• _WHAT TO DO_:
A word-for-word copy of the data, pictures excluded, is what this task asks for.

• _SUPPLIED DATA_:
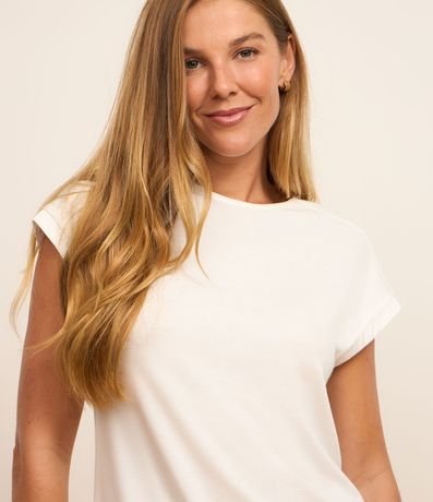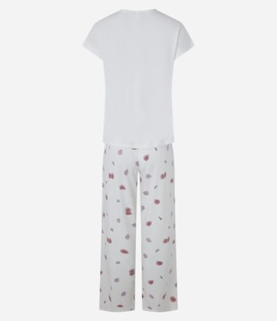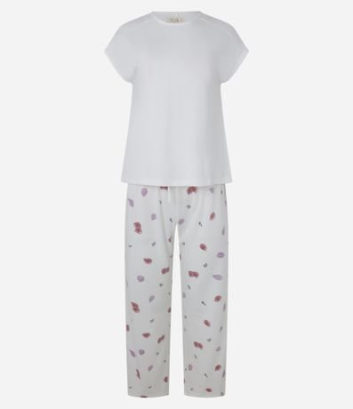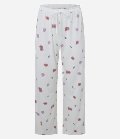 Conjunto de pijama com duas peças: blusa lisa com mangas curtas, gola redonda e detalhes de cetim; e calça com amarração e estampa de figos.
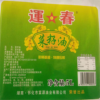 中方县运春菜籽油5L
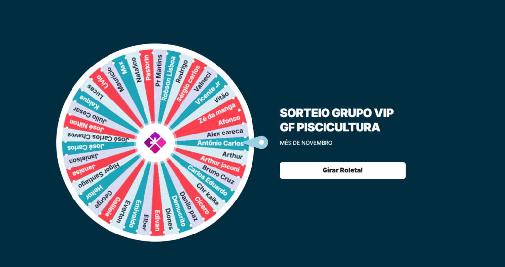 - Sorteio válido apenas para membros do Grupo VIP GF Piscicultura;

• _SOLUTION BELOW_:
 Conjunto de pijama com duas peças: blusa lisa com mangas curtas, gola redonda e detalhes de cetim; e calça com amarração e estampa de figos.
 中方县运春菜籽油5L
 - Sorteio válido apenas para membros do Grupo VIP GF Piscicultura;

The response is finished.